In their initial proposals the two Virginia utilities both estimated they would need to add about $1 to $1.15 in tax for every 1,000 kWh used, depending on the level of participation among the low-income customers. For most residential consumers, that would be about $15 a year, give or take.
But the flat per kWh additional cost would apply to all customers uniformly, including the largest industrial users. The industrial user coalitions have roused from their slumber and are participating in the case, although they filed no testimony. The added cost would be in tens or even hundreds of thousands of dollars for some of them. Some other states charge variable amount to different classes of customer, but our General Assembly did not.
The initial cost estimates the SCC has are dressed up guesses. Both of the outside experts use different methods and get different results. No one bakes in any potential impacts from the COVID-19 recession. One, Roger D. Colton, hired by the Sierra Club, provides a good summary of the participation levels in some of the other states and says almost 400,000 customer households may be eligible in Dominion’s territory, with more than 140,000 APCo households eligible.
Something will need to be added to the bills effective January 2021 to kick this off. The SCC will be using a dart board to set the amount, so its staff recommends the initial tax should be set for only six months and then reviewed again next summer.
Colton and the other expert, John G. Howat of the National Consumer Law Center, both point out that the legislation envisions that if a customer goes on the PIPP program and stays current from there, any old unpaid bills are then forgiven. There will be many customers with those unpaid balances (more now).

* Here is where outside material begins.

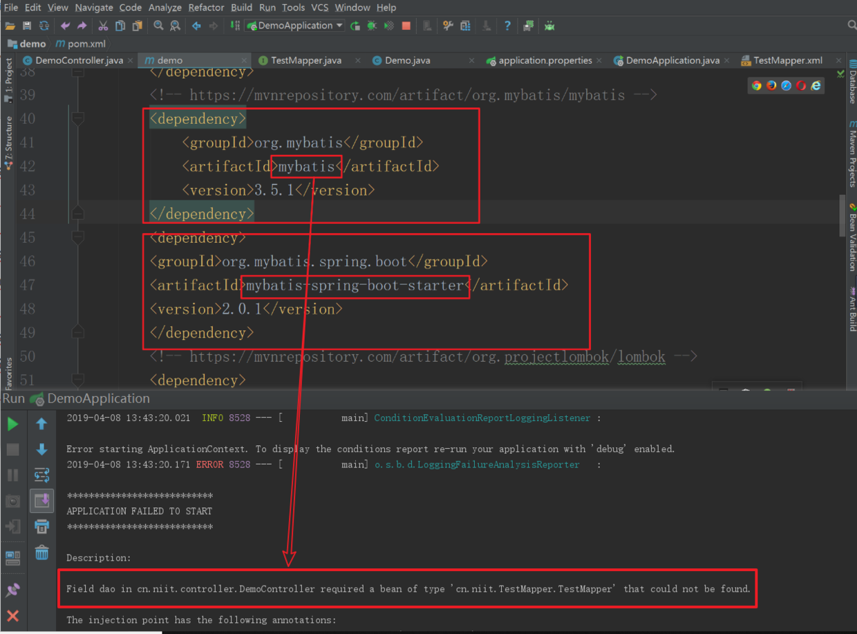 Field dao in cn.niit.controller.DemoController required a bean of type'cn.niit.TestMapper.TestMapper' that could not be found.

Both discuss how a formal “arrearage management program” could accomplish that, but it would mean added cost and higher initial charges to the ratepayers. In rebuttal testimony, Dominion made excuses for failing to account for the bill-forgiveness element:
“The Company believes holding off on inclusion of additional costs for this component of PIPP remains reasonable at this time given the lack of information regarding what the value of those arrearage balances may be and how relief from those balances may be structured.”

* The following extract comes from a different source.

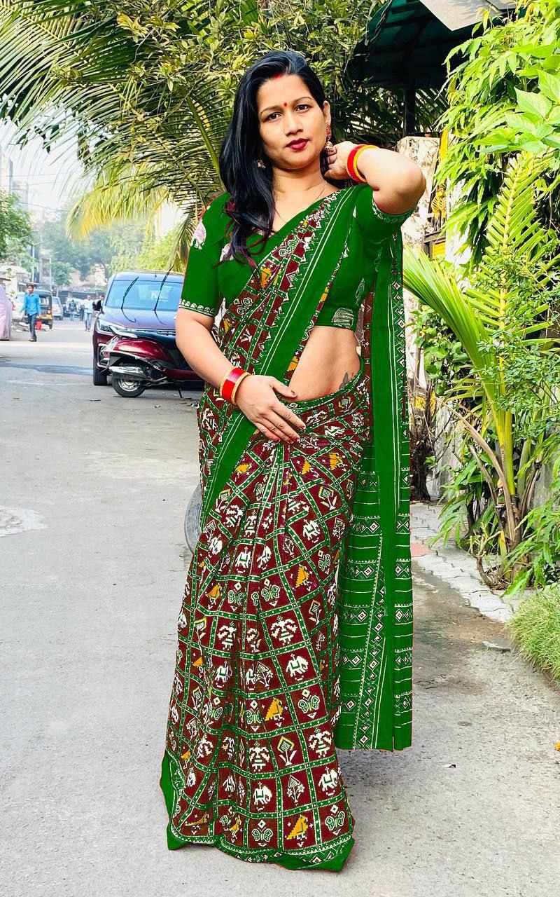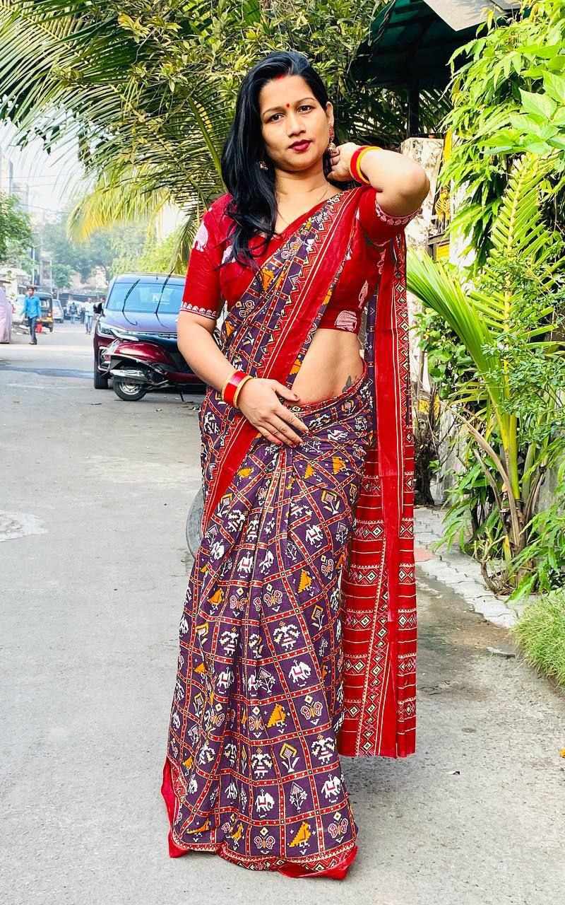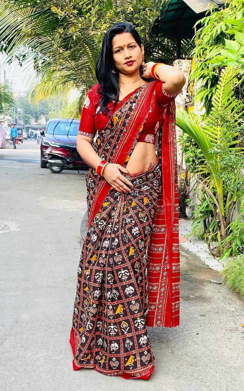 SAREES : *6.30 MTR PURE COTTON PATOLA GOLDEN FOIL WORK AND PRINTED SAREES WITH PRINT BLOUSE PICE*

Perhaps. Or perhaps Dominion was merely hoping to low-ball the starting PIPP tax, hiding that part of the iceberg to be discovered later. A couple of other aspects of this are still below the waterline.

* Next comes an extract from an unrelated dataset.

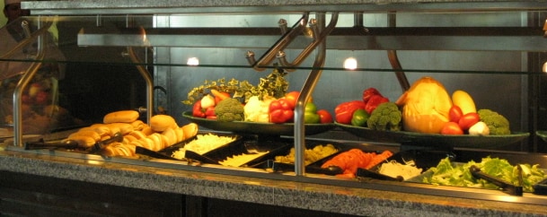 全食事付きとはいうものの、気になるのはその内容。「旅行代金もリーズナブルだし、もし口に合わなくても船の中ではどうしようもないし・・・」と、乗船までは、少々心配していた私。でも杞憂に終わりました。選択肢が多く、バラエティに富んだ料理は、どれも非常に美味しく、味にこだわりのある日本人もこれなら満足すること間違いなし。私も、海外旅行で、これほど食事でお腹も気持ちも満たされたのは初めてです。

Both Colton and Howat also note that Dominion and APCO already have significant allowance for unpaid and un-collectable bills baked in their base rates. If those assumed bad debts are suddenly covered with new PIPP cash, that’s a nice bonus for the utilities. As Colton wrote, it would constitute “a double recovery of those embedded lost revenues.” What, another double dip? Have they no shame?
Finally, Colton addresses the interaction of PIPP with at least one of the existing benefit programs that already helps low-income families pay for heating and cooling, the Low Income Home Energy Assistance Program. It appears those benefits will be in addition to any benefit from PIPP and cannot be counted as income to the recipients. They can be used to help with the portion of the bill not covered by PIPP.
The biggest unknown is the General Assembly itself. This program was one small part of the massive Virginia Clean Energy (We Don’t Actually Need) Act. There was very little discussion. None of the legislators really understood what they were voting on and the result is a bit of a mess. Expect changes.
If rejected by the SCC, Colton and Howat’s ideas will become 2021 bills. The large electricity customers are likely to push for a change in the flat fee, which would shift more cost to residential users. All customers may figure out what it means to them that 400,000 Dominion households eligible for PIPP – that is everyone on various forms of public assistance – will be protected from the coming wave of higher costs related to offshore wind and solar generation.